Requirement
The answer should be the records below, word for word, with every image left out.

Top of Data

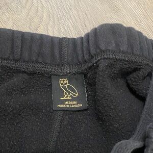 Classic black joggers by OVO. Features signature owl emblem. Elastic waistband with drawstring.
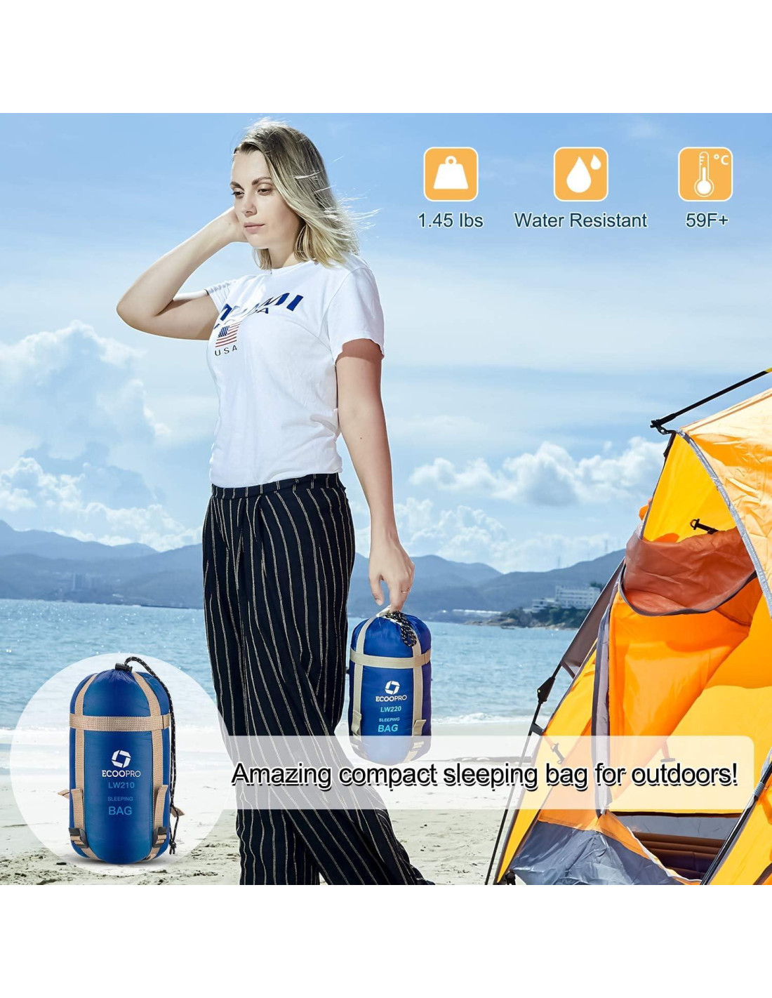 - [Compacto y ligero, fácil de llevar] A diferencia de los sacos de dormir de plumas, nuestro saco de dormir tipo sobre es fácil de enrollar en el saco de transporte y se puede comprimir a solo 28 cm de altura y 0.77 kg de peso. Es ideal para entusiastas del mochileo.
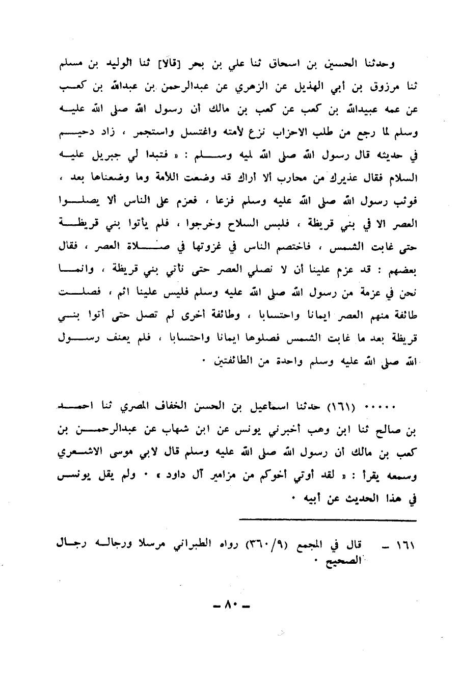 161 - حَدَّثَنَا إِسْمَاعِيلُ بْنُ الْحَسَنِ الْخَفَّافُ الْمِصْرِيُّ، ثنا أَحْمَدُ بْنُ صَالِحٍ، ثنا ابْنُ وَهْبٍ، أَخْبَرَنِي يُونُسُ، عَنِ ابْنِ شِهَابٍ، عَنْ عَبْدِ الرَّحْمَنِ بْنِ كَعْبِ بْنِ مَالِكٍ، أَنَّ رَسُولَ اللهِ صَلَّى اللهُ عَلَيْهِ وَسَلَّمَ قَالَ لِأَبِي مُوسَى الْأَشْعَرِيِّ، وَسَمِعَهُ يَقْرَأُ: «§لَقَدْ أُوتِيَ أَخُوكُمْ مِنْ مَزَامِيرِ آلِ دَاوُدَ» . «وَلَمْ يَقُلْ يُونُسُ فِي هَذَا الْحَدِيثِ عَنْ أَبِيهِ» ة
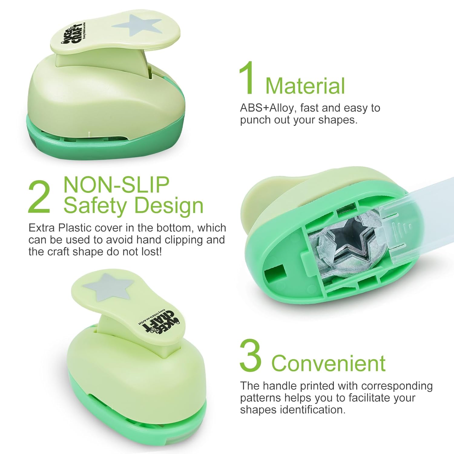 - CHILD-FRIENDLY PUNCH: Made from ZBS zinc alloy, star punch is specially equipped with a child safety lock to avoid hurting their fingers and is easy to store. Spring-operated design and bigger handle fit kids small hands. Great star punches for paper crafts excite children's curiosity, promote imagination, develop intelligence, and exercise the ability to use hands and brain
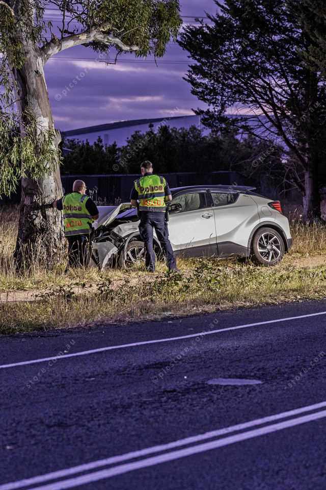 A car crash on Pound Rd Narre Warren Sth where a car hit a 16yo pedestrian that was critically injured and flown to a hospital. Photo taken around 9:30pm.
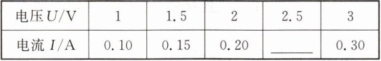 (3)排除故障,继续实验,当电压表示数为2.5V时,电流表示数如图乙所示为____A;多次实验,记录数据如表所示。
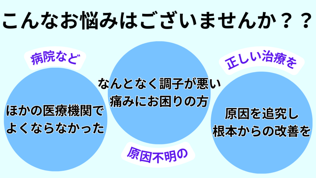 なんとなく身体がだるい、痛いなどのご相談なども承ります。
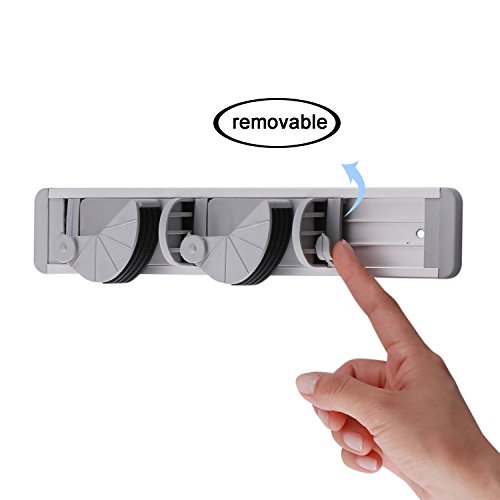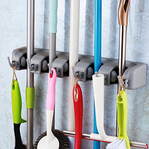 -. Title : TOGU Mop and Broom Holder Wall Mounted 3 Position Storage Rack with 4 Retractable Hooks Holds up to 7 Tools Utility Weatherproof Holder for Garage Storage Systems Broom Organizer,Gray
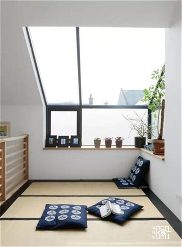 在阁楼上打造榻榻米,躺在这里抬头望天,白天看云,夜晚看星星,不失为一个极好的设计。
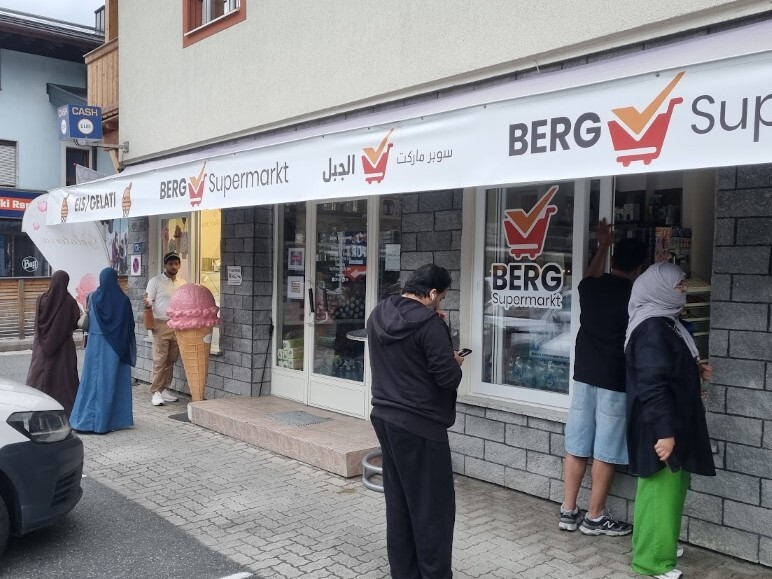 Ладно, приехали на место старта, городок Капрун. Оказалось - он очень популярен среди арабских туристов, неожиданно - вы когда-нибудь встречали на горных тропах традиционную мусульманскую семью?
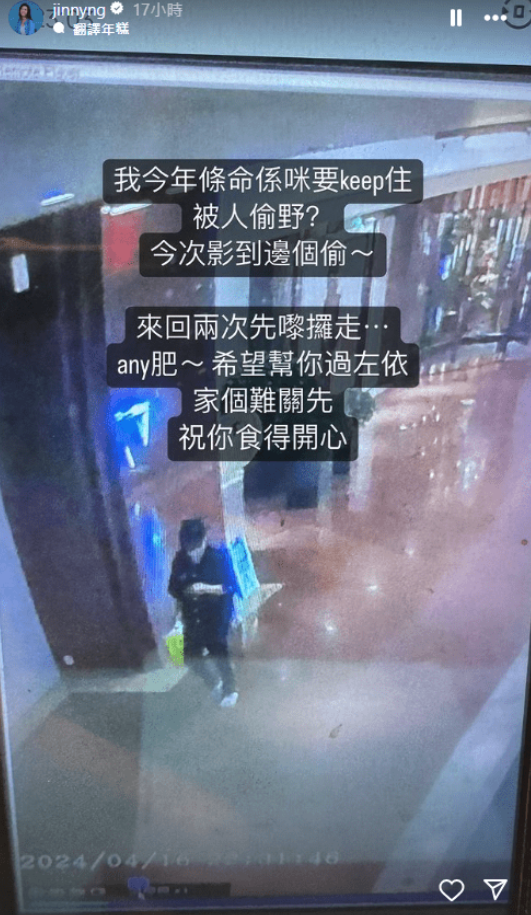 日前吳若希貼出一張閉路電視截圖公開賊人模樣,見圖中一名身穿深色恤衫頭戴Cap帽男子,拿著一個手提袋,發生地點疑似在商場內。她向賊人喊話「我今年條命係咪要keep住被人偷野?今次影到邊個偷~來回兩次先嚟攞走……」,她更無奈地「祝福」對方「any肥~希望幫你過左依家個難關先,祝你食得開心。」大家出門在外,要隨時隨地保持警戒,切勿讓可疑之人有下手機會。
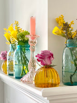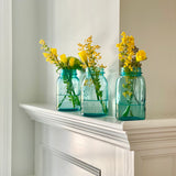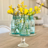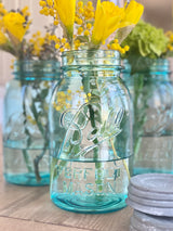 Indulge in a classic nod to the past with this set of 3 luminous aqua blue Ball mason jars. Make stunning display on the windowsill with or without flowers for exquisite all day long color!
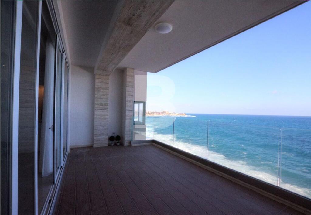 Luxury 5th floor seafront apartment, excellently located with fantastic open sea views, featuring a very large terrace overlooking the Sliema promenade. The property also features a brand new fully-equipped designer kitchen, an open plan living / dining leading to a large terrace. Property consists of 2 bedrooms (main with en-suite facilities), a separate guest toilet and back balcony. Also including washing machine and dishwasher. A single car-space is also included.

Bottom of Data

Response area
 Classic black joggers by OVO. Features signature owl emblem. Elastic waistband with drawstring.
 - [Compacto y ligero, fácil de llevar] A diferencia de los sacos de dormir de plumas, nuestro saco de dormir tipo sobre es fácil de enrollar en el saco de transporte y se puede comprimir a solo 28 cm de altura y 0.77 kg de peso. Es ideal para entusiastas del mochileo.
 161 - حَدَّثَنَا إِسْمَاعِيلُ بْنُ الْحَسَنِ الْخَفَّافُ الْمِصْرِيُّ، ثنا أَحْمَدُ بْنُ صَالِحٍ، ثنا ابْنُ وَهْبٍ، أَخْبَرَنِي يُونُسُ، عَنِ ابْنِ شِهَابٍ، عَنْ عَبْدِ الرَّحْمَنِ بْنِ كَعْبِ بْنِ مَالِكٍ، أَنَّ رَسُولَ اللهِ صَلَّى اللهُ عَلَيْهِ وَسَلَّمَ قَالَ لِأَبِي مُوسَى الْأَشْعَرِيِّ، وَسَمِعَهُ يَقْرَأُ: «§لَقَدْ أُوتِيَ أَخُوكُمْ مِنْ مَزَامِيرِ آلِ دَاوُدَ» . «وَلَمْ يَقُلْ يُونُسُ فِي هَذَا الْحَدِيثِ عَنْ أَبِيهِ» ة
 - CHILD-FRIENDLY PUNCH: Made from ZBS zinc alloy, star punch is specially equipped with a child safety lock to avoid hurting their fingers and is easy to store. Spring-operated design and bigger handle fit kids small hands. Great star punches for paper crafts excite children's curiosity, promote imagination, develop intelligence, and exercise the ability to use hands and brain
 A car crash on Pound Rd Narre Warren Sth where a car hit a 16yo pedestrian that was critically injured and flown to a hospital. Photo taken around 9:30pm.
 (3)排除故障,继续实验,当电压表示数为2.5V时,电流表示数如图乙所示为____A;多次实验,记录数据如表所示。
 なんとなく身体がだるい、痛いなどのご相談なども承ります。
 -. Title : TOGU Mop and Broom Holder Wall Mounted 3 Position Storage Rack with 4 Retractable Hooks Holds up to 7 Tools Utility Weatherproof Holder for Garage Storage Systems Broom Organizer,Gray
 在阁楼上打造榻榻米,躺在这里抬头望天,白天看云,夜晚看星星,不失为一个极好的设计。
 Ладно, приехали на место старта, городок Капрун. Оказалось - он очень популярен среди арабских туристов, неожиданно - вы когда-нибудь встречали на горных тропах традиционную мусульманскую семью?
 日前吳若希貼出一張閉路電視截圖公開賊人模樣,見圖中一名身穿深色恤衫頭戴Cap帽男子,拿著一個手提袋,發生地點疑似在商場內。她向賊人喊話「我今年條命係咪要keep住被人偷野?今次影到邊個偷~來回兩次先嚟攞走……」,她更無奈地「祝福」對方「any肥~希望幫你過左依家個難關先,祝你食得開心。」大家出門在外,要隨時隨地保持警戒,切勿讓可疑之人有下手機會。
 Indulge in a classic nod to the past with this set of 3 luminous aqua blue Ball mason jars. Make stunning display on the windowsill with or without flowers for exquisite all day long color!
 Luxury 5th floor seafront apartment, excellently located with fantastic open sea views, featuring a very large terrace overlooking the Sliema promenade. The property also features a brand new fully-equipped designer kitchen, an open plan living / dining leading to a large terrace. Property consists of 2 bedrooms (main with en-suite facilities), a separate guest toilet and back balcony. Also including washing machine and dishwasher. A single car-space is also included.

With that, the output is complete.